THE GET DOWN
Faith & Flower epitomizes what a culinary experience in the 20’s may have felt like. Fancy, swanky, sneaky, sexy and intimate. Right about now, you might want to be phoning a babysitter. If such is not an option, then I assure you that lunch at Faith and Flower can work with the kids, and will be well worth your time.
Though fancy, the menu is understandable and ranges from pizza, to salads, sandwiches and pasta. Nothing is of the ordinary, of course. In fact, the margherita pizza is one of the best in town. Though the margherita reads whole milk mozzarella, it tasted like it was dusted with Regiano Parmigiano cheese which gave it a WOW in flavor.

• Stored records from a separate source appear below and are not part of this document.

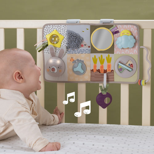 - Stage 1 (0m+): Back Lying: Hanging on the side of the crib, baby can explore and experience various features and play options while lying on their back or tummy.
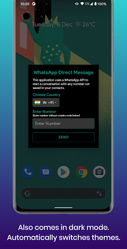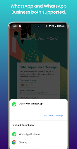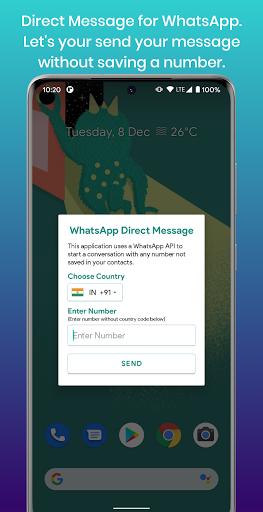 - Direct Message for WhatsApp uses official WhatsApp Public API to open a chat without saving the number.
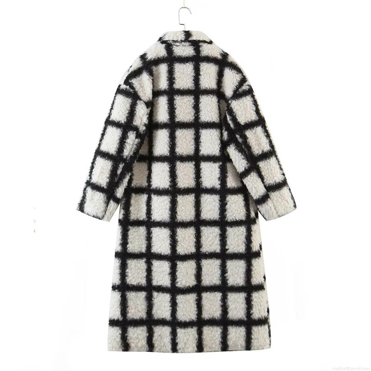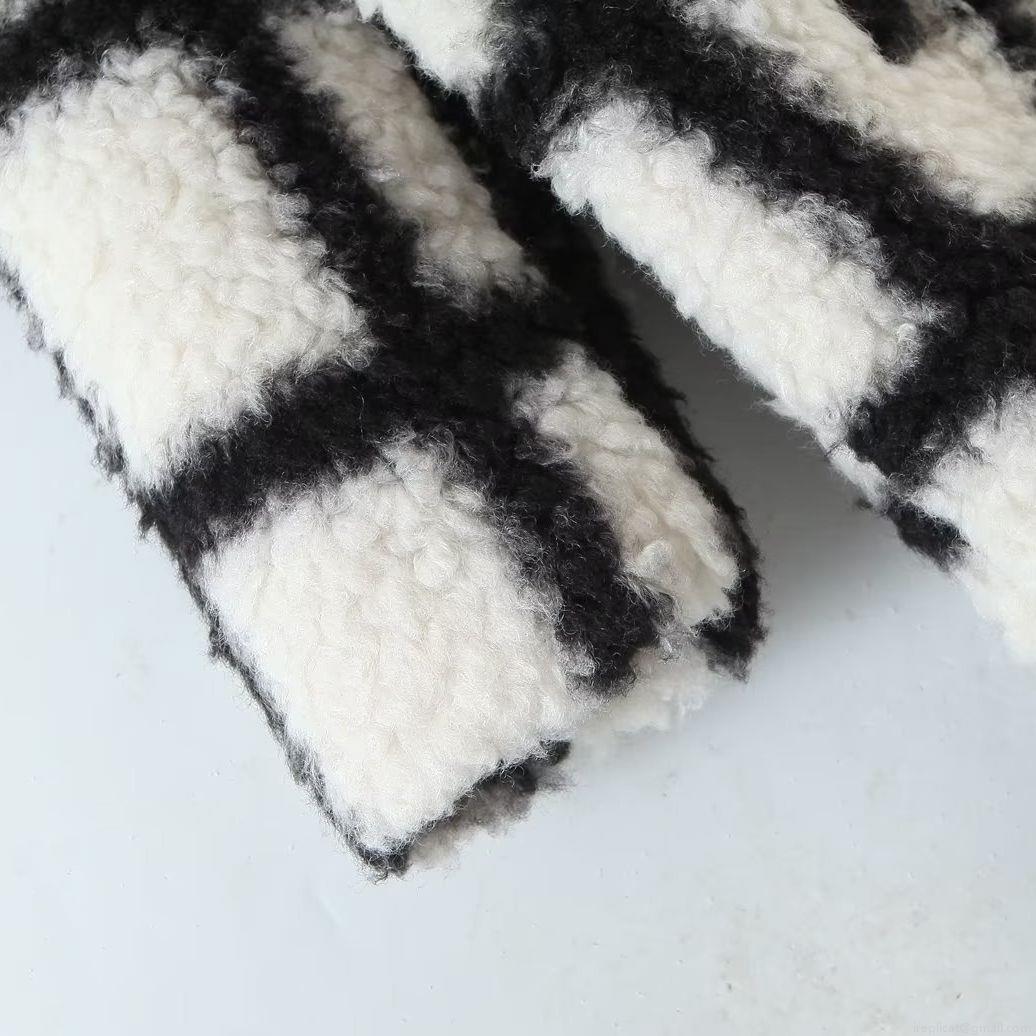• Women's Checkered Plush Long Coat Fashion Black White Plaid Faux Lambswool Overcoat Loose Lapel Thick Warm Streetwear Outerwear For Women
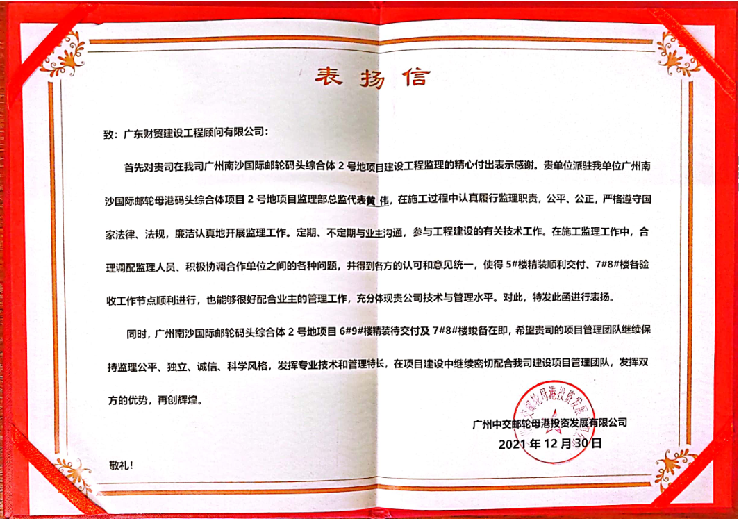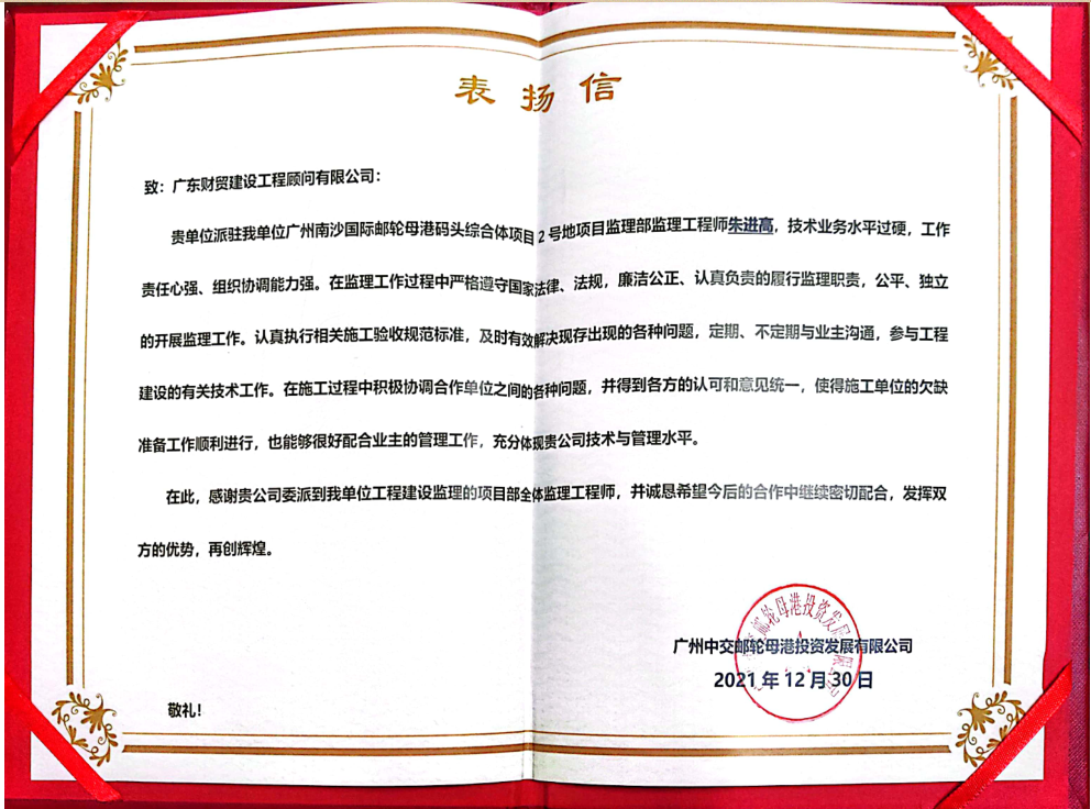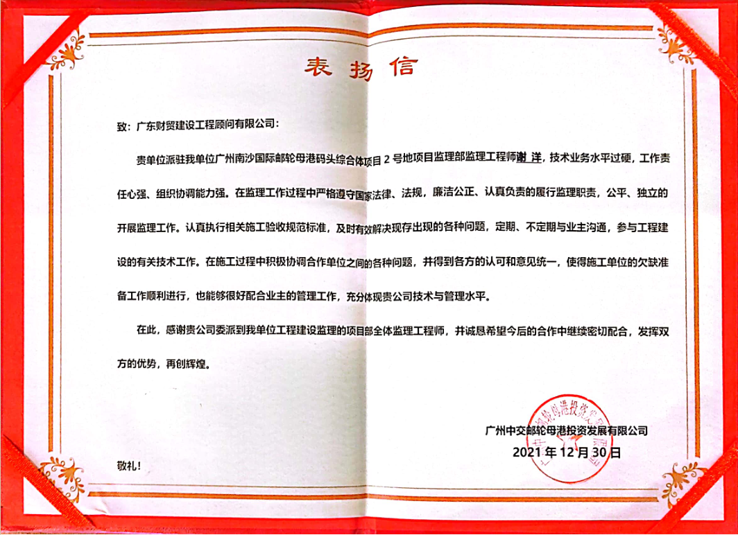 近日,广东财贸收到来自建设单位——广州中交邮轮母港投资发展有限公司的三封表扬信,建设单位在信中对我司广州南沙国际邮轮母港码头综合体项目2号地项目监理部的三名监理工程师朱进高、黄伟、谢洋同志进行表彰,并对项目部全体监理工程师表示感谢。
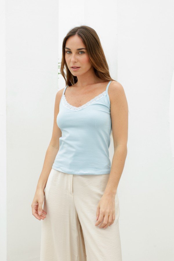 MUSCULOSA TIRITA CON PUNTILLA AL TONO ALGODON LYCRA
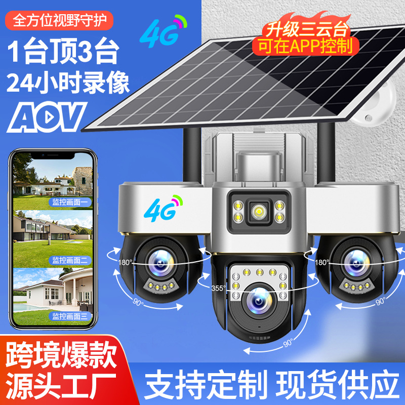V380pro摄像头AOV太阳能电池4G家用24小时录像户外防水三画面监控
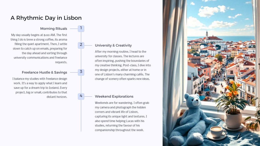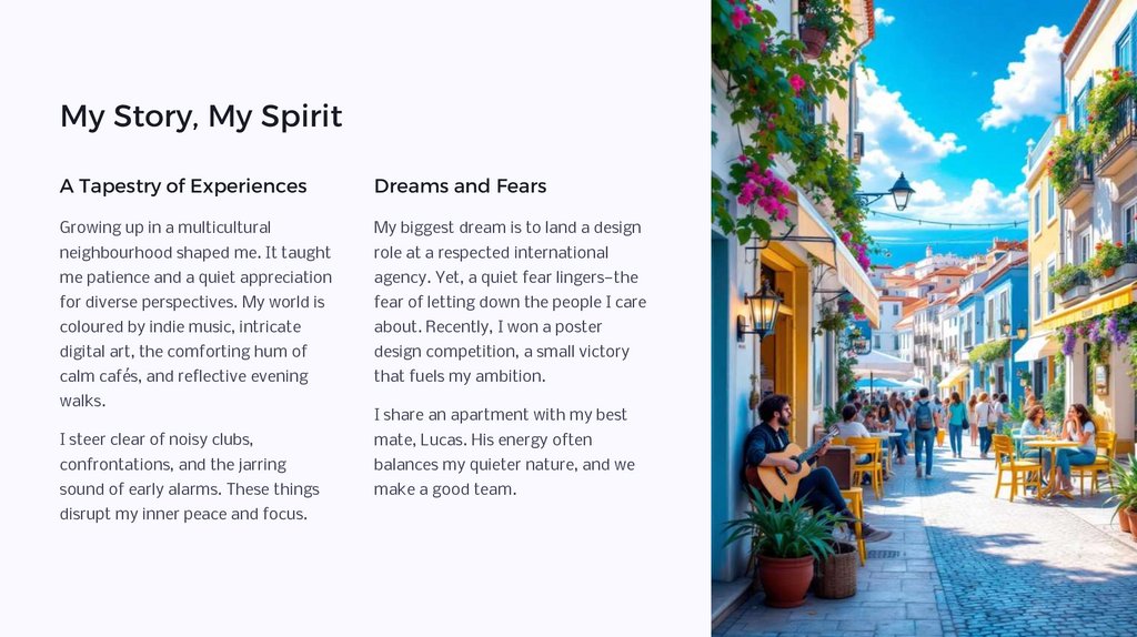 design student from Lisbon. Life here is a vibrant tapestry of cultures, and I try
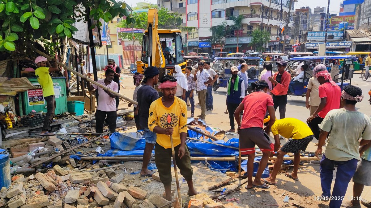 * लगभग डेढ़ दर्जन अस्थाई दुकान और गुमटी हटाए गए जमालपुर जमालपुर शहर के हृदय स्थल जुबली वेल चौक पर सरकारी जमीन पर अतिक्रमण करने वाले के विरुद्ध मंगलवार को नगर परिषद प्रशासन द्वारा अतिक्रमण हटाने की कार्रवाई की गई. इस दौरान चौक को अतिक्रमण मुक्त कर लिया गया. जानकारी के अनुसार 28 अप्रैल को ही नगर परिषद प्रबंधन द्वारा जुबली बेल चौक पर सरकारी जमीन पर कब्जा जमाने वाले दुकानदारों को 72 घंटे के अंदर जमीन खाली करने का नोटिस दिया गया था. इस सिलसिले में जुबली वेल के आसपास के दुकानदारों की दुकान पर नगर परिषद का नोटिस चिपकाए गया था. नोटिस देने के बावजूद दुकानदारों ने जगह खाली नहीं किया. इसके बाद कार्यपालक पदाधिकारी विजयशील गौतम के आवेदन पर जिला प्रशासन द्वारा मंगलवार को अतिक्रमण हटाओ अभियान चलाने की सहमति मिली. इस क्रम में मजिस्ट्रेट के रूप में नगर परिषद के सहायक अभियंता विवेक कुमार की प्रतिनियुक्ति की गई. इसके बाद जुबली वेल पर मंगलवार के अपराह्न को जमालपुर पुलिस के सहयोग से अतिक्रमण हटाने का कार्य आरंभ हुआ. जिसके कारण दुकानदारों में हड़कंप मच गया. जिस दुकानदार को मौका लगा वह अपना बॉक्स और अलमारी निकालना शुरू कर दिया. इस बीच जेसीबी मशीन और ट्रैक्टर भी लाया गया था. नगर परिषद कर्मियों ने वहां लगाए गए बांस के ढांचे को उखाड़ कर ट्रैक्टर पर लोड कर दिया. इतना ही नहीं दुकानदारों को तब इस बात का एहसास हुआ कि नगर परिषद प्रबंधन इस बार कड़ी कार्रवाई के लिए प्रतिबद्ध है, जब चौक की दक्षिण की तरफ बनाया गया टॉयलेट को भी जेसीबी से ध्वस्त कर दिया गया. दंडाधिकारी के रूप में उपस्थित सहायक अभियंता ने बताया कि लगभग डेढ़ दर्जन दुकान को वहां से हटाया गया. मौके पर नगर परिषद के जूनियर इंजीनियर आनंद प्रकाश, योजना सहायक प्रेम शंकर, जमालपुर थाना के सहायक अवर निरीक्षक रमेश कुमार मौजूद थे.
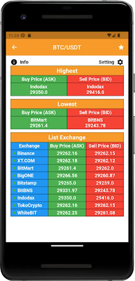 The "Bitcoin Price All Exchanges" application is designed to provide an easy and fast user experience. Users can select the exchange they want to monitor and easily view Bitcoin price data on each exchange directly. Additionally, this application also displays Bitcoin price charts to help users monitor price trends and view the history of Bitcoin price movements on each exchange.
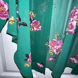 Torrid Size 1/2 Green Floral Duster – Dark Pink Flowers, Flowy & Open, 3/4 Sleev
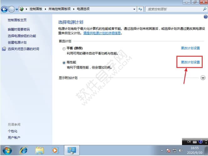 3、选择右边的优化计划,点击更改计划设置按钮。
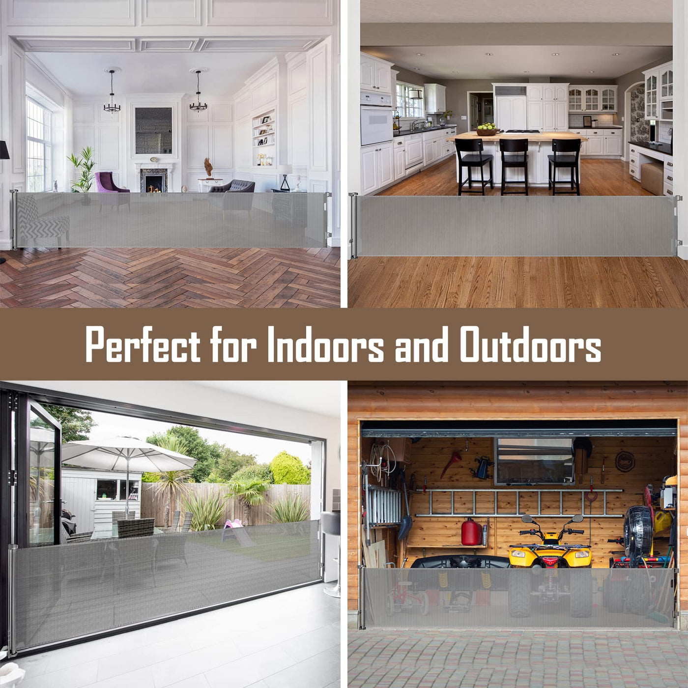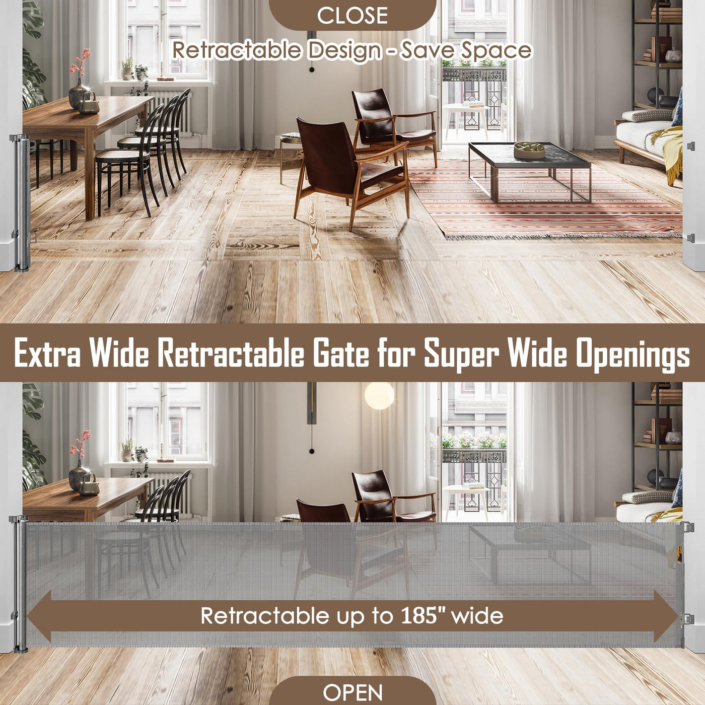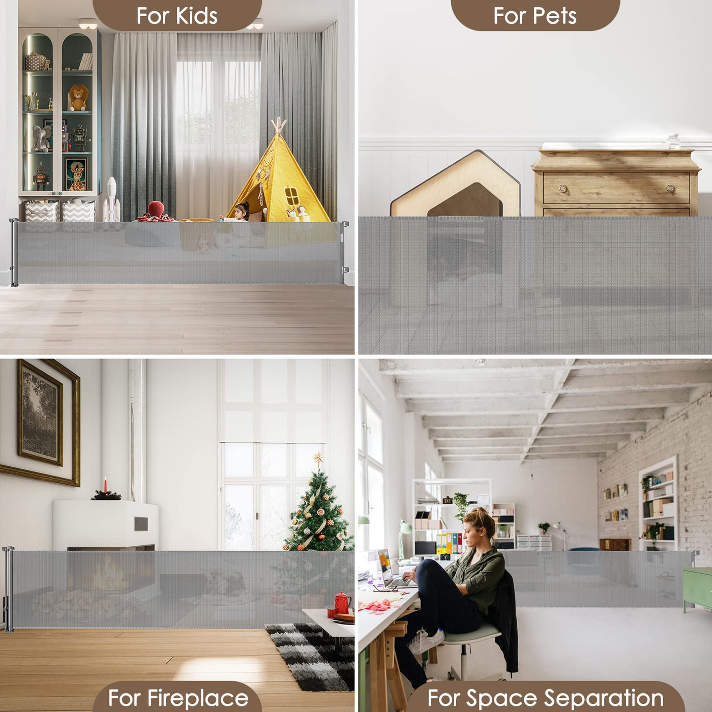 KISKIZ 185'' Extra Large Baby Gate and Extra Wide Dog Gate The KISKIZ extra wide retractable baby gate functions as a child safety gate, pet barrier, semi-enclosed play area, fireplace guard, and room divider. It offers flexible solutions for homes with open floor plans or wide spaces, allowing you to effectively manage and divide areas for both babies and pets. 1. Suitable for Babies & Pets This baby fence for living room is ideal for homes with both babies and pets, serving as a reliable barrier or room divider. 2. Extra Wide Coverage Extends up to 185 inches wide, making it perfect for spacious homes with expansive openings. 3. Adjustable Width for Versatile Openings Features an adjustable width, making it suitable for a variety of opening sizes. 4. Fully Retractable The retractable dog fence fully retracts when not in use, saving space and offering convenience. 5. Adaptable for Various Locations Ideal for both indoor and outdoor openings, such as open kitchens, hallways, doorways, decks, garages, and more. 6. High-Quality Mesh Soft yet durable mesh fabric prevents injuries and scratches during playtime. 7. Safety Lock Mechanism Equipped with a secure safety lock that keeps the extra wide pet gate securely closed to prevent accidental openings. 8. Easy One-Handed Operation Easily open and close the extra long pet gate with 1 hand for quick and convenient access. 9. No Trip Hazard Designed with no bottom bar, ensuring smooth and safe passage. 10. Fits Any Baseboard Lower brackets adjust up or down to fit any baseboard height without causing damage. 11. Easy Installation Includes all necessary mounting hardware for simple and secure installation. 12. Certified Safe Meets or exceeds ASTM and EN safety standards, ensuring reliability and safety for your family.

The best way to describe the food at Faith & Flower is American with a European hand…meaning, every single dish is special and memorable. The trout is crisped to perfection, the salads are hearty but not saturated with heavy dressings, and only a sophisticated hand could make pasta taste THAT good.
Lunchtime at Faith & Flower packs out with everyone from corporate to creative. You might spy some notes being taken and sense that there is a big deal or two going down. Sorry p’s, but f you have a screamer on hand, then you might want to consider Faith & Flower for a date night. And runners…. Well, the space IS big, but the décor screams no go. Sorry.
Faith & Flower makes you want to put together a 20’s inspired get up and dance the night away. Consequently, Faith & Flower does have jazz. And did I mention it’s a fantastic place for a cocktail too? Cross your fingers, dot your I’s, and align that sitter. Yasss, Faith & Flower will bring the sizzle back into your relationship.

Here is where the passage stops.